REPUBLIKA.CO.ID, KHARTOUM -- Tentara Sudan diduga berhasil memenangkan perebutan kekuasaan dengan pasukan paramiliter Rapid Support Forces (RSF) pada Ahad (16/4/2023). Menurut laporan saksi mata, militer menggempur pangkalan RSF dengan serangan udara.
Pertempuran meletus antara unit-unit tentara yang setia kepada Kepala Dewan Pemerintahan Transisi Sudan Jenderal Abdel Fattah al-Burhan dan kelompok paramiliter RSF yang dipimpin oleh Jenderal Mohamed Hamdan Dagalo. Burhan dan Hemedti menyepakati jeda pertempuran selama tiga jam mulai pukul 16.00 waktu setempat untuk memungkinkan evakuasi kemanusiaan yang diusulkan Perserikatan Bangsa-Bangsa (PBB).
Tapi, kesepakatan itu diabaikan secara luas setelah periode relatif tenang yang singkat. Saat malam tiba, penduduk melaporkan ledakan artileri dan deru pesawat tempur di distrik Kafouri di Bahri yang memiliki basis RSF di seberang sungai Nil dari ibu kota Khartoum.
Saksi mata mengatakan kepada Reuters, tentara memperbarui serangan udara di pangkalan RSF di Omdurman, kota kembar Khartoum di seberang Sungai Nil dan distrik Kafouri serta Sharg El-Nil di Bahri yang berdekatan. Serangan tersebut membuat para anggota RSF tumbang.
Sebuah pernyataan tentara mengatakan, ada bentrokan yang sedang berlangsung di sekitar markas militer di pusat Khartoum. Militer menyatakan, tentara RSF menempatkan penembak jitu di gedung-gedung, tetapi dapat dipantau dan ditangani.
Saksi dan penduduk mengatakan, tentara telah melakukan serangan udara di barak dan pangkalan RSF di wilayah Khartoum dan berhasil menghancurkan sebagian besar fasilitas paramiliter. Mereka menggambarkan, tentara juga telah merebut kembali kendali atas sebagian besar istana kepresidenan Khartoum dari RSF.
Kedua belah pihak sebelumnya mengeklaim mengendalikan istana presiden dan instalasi penting lainnya di Khartoum. Area-area ini merupakan tempat baku tembak artileri berat dan senjata berkecamuk hingga Ahad.

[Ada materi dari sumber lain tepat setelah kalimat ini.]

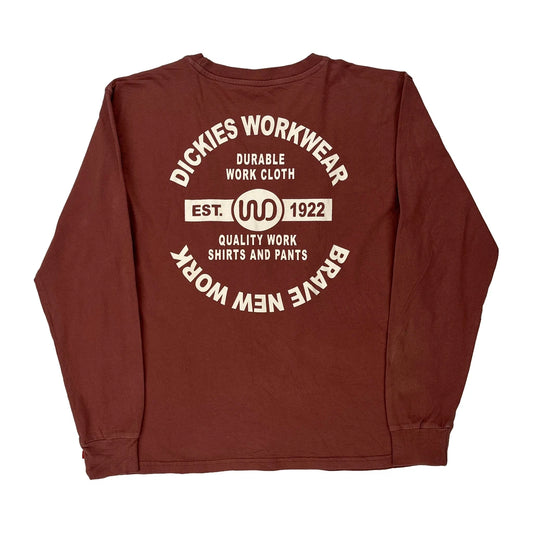 Dickies Long Sleeve T-Shirt - Large Brown Cotton
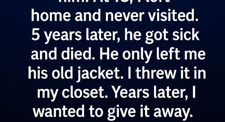 At 18, I left home for college and never looked back. I didn’t call. I didn’t visit. For five years, silence grew between us like a wall. Then, one winter morning, my mom called. Her voice trembled as she told me Mark was very sick. By the time I made it home, he was gone. At the funeral, my mom handed me his old, worn-out jacket. “It’s the only thing he wanted you to have,” she said softly.
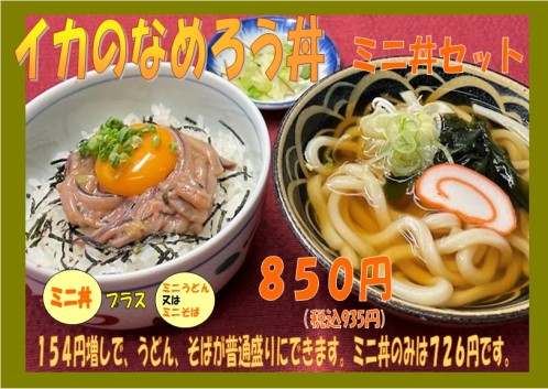 料金 | ミニ丼セット 850円 |
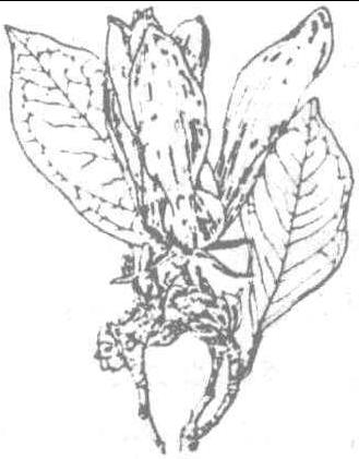 这首咏辛夷花的诗是从辛夷花又叫木笔花这点着眼的。辛夷,学名木兰,别名紫玉兰、木笔花、女郎花。早春先叶开花。在含苞待放时,恰似蘸着紫红颜料的毛笔,尖直挺秀,有如笔形,故有木笔花之称。 第一句“梦中曾见笔生花,锦字还将气象夸”,用的是梦笔生花之典。据王仁裕《开元天宝遗事·梦笔头生花》说,李白小时候,梦见自己所用的笔尖端开花,长大后便成为文笔神妙的大诗人,后人便以“梦笔生花”称才思敏捷的人。“梦中曾见笔生花”意即指此,“锦字还将气象夸”也含典故。东晋窦滔被流放,他的妻子苏蕙思念他,就用五色丝织成色彩斑斓的回文璇图寄给他,以表达自己心曲。因辛夷花又名女郎花。宋陆游曾有诗《女郎花》说:“粲粲女郎花,忽满庭前枝。”白居易《戏题木兰花》也曾说:“怪得独饶脂粉态,木兰曾作女郎来。”都是从辛夷花的女郎花这一别名着眼。张新诗的这一句实际上是将二者都包含在内了。不过,这两种别名又用得很巧妙,而且相互间还紧密相关。笔生花即木笔生花之意,既是笔,那么就与下面的锦字发生联系了。用笔可以诉说梦中事,可以写梦中事,这又与锦字这一典故的苏蕙作回文璇诗一事相关联了。这就令人在不知不觉中领略到辛夷花的外形特征和内在精神。接着一句“谁信花中原有笔”则是进一步申发梦中见笔之意,“谁信”一词突出了辛夷花的形状如笔的特征。“毫端方欲吐春霞”仍是围绕笔作文章,笔之端正欲吐出绚丽多彩的春天的霞光。这是说妙笔生花,定会有文采斐然有如春霞般绚丽的好文章出世。当然,这也是辛夷花,即木笔花在早春时节开放时情景的形象写照。其妙处仍在紧紧围绕辛夷花状似笔的外形特征生发,故能给人以鲜明的印象。特别是“毫端方欲吐春霞”一句,将辛夷花的含苞待放情状写得活灵活现,是全诗点晴之笔,也是描绘木笔花——辛夷花难得佳句。 从辛夷花状似笔而称木笔花这点着眼的当然不始于张新。旧说唐人欧阳炯《辛夷花》写道:“含锋新吐嫩红芽,势欲书空映早霞。应是玉皇曾掷笔,落来地上长成花。”白居易《题灵隐寺红辛夷花戏酬工人》中也说“紫粉笔含尖火焰。”明代书画家、文学家陈继儒《辛夷》诗写道:“春雨湿窗纱,辛夷弄影斜。曾窥江梦彩,笔笔忽生花。”用的又是南朝诗人江淹梦得五彩笔而才思华美的典故,各有独到之处。 辛夷xīn yí香木名,也叫木笔树。树身可高达二、三丈,花很香。韩愈《感春》:“辛夷高花最先开,青天露出始此回。” 辛夷(1次) 香木名。开花很早,蓓蕾似笔头,故又称迎春、木筆。露申~《章·涉》 辛夷xīn yí木兰一类的花树,又名木笔、迎春。《湘夫人》:“辛夷楣兮药房。”洪兴祖补注:“《本草》云,辛夷树大连合抱,高数仞。此花初发如笔,北人呼为木笔。其花最早,南人呼为迎春。”《涉江》:“露申辛夷,死林薄兮。” 古代名物 > 花卉類 > 花部 > 落葉木本 > 辛夷 辛夷 xīnyí 亦作“新夷”,亦稱“侯桃”、“房木”、“木筆”、“迎春”。苞初生如尖筆頭,故有木筆之稱。木蘭科,落葉灌木。葉橢圓或倒卵形。花外輪被片帶緑色,披針形,早落。内二輪被片紫紅色。宜植庭園,供觀賞。產於我國鄂、川、滇。始載於先秦典籍。戰國楚·宋玉《風賦》:“㮣新夷,被荑楊。”漢·東方朔《七諫·自悲》:“雜橘柚以爲囿兮,列新夷與椒楨。”宋·陸游《幽居初夏》詩:“籜龍已過頭番筍,木筆猶開第一花。”明·李時珍《本草綱目·木一·辛夷》:“〔釋名〕辛雉、侯桃、房木、木筆、迎春。” 辛夷 古代名物 > 醫藥類(上) > 木部 > 花實 > 薪夷 > 辛夷 辛夷 xīnyí 同“薪夷”。 辛夷xīn yí旧时花业谓木笔花。《切口·花业》:“辛夷: 木笔花也。” 辛夷1【同义】总目录 迎春辛夷房木侯桃 辛夷2【同义】总目录 辛夷书客女郎花新夷 辛夷flos magnoliae辛温解表药。出《神农本草经》。见《兽药规范》(二部)。又名木笔花、迎春、侯桃。为木兰科植物望春花Magnolia biondii Ramp.或玉兰M.denudata Desr.等的花蕾。捣碎生用或炒炭用。主产河南、四川、安徽、浙江等地。辛、温。入肺、胃经。功能疏风解表,通利肺窍。《名医别录》:“温中解肌,利九窍,通鼻塞。”主治:❶脑颡黄,常与知母、黄柏、沙参、木香、郁金、明矾等配伍,或与金银花、薄荷叶、酒黄柏、酒知母、香白芷、射干等同用,如辛夷散。 辛夷药名。出 《神农本草经》。又名迎春、木笔花、姜朴花。为木兰科植物望春花Magnoliabiondii Pamp. 玉兰M.denudata Desr. 或武当玉兰M.sprengeri Pamp. 等的花蕾。主产河南、四川、安徽、浙江等地。辛,温。入肺、胃经。散风寒,通鼻窍。治鼻渊,风寒感冒之头痛、鼻塞、流涕。煎服: 3~9克。外用: 适量,研末㗜鼻; 或以其蒸馏水滴鼻。玉兰花蕾含挥发油,中含柠檬醛、丁香油酚,18桉叶素、茴香醚等。辛夷花中含挥发油,主为丁香油酚、黄樟醚(Safrole)、柠檬醛、茴香醚 (Anethole)、黄酮苷,花色苷。挥发油有收缩鼻黏膜血管、健胃作用,煎剂给麻醉兔、猫、狗静脉注射,有降压作用,但挥发油无降压作用;对动物在体、离体子宫呈兴奋作用;体外对真菌、细菌、昆虫有抑制作用。 辛夷xīn yí《本草纲目》木部第34卷辛夷(39)。药名。 辛夷xīnyí中药名。出《神农本草经》。别名木笔花。为木兰科植物望春花Magnoliabiondii Pamp. 或玉兰M. denudata Desr. 等的花蕾。主产于河南、四川、安

Anggota RSF tetap berada di dalam bandara internasional Khartoum yang dikepung oleh tentara. Namun militer menahan diri untuk tidak menyerang kelompok itu untuk menghindari kerusakan besar.
Tapi masalah utama, menurut saksi dan penduduk, ditimbulkan oleh ribuan anggota RSF bersenjata berat yang dikerahkan di lingkungan Khartoum dan kota-kota lain. Pengerahan itu dilakukan tanpa otoritas yang mampu mengendalikannya.
“Kami takut, kami tidak tidur selama 24 jam karena kebisingan dan rumah berguncang. Kami khawatir kehabisan air dan makanan, serta obat untuk ayah saya yang menderita diabetes,” ujar warga muda di selatan Khartoum bernama Huda.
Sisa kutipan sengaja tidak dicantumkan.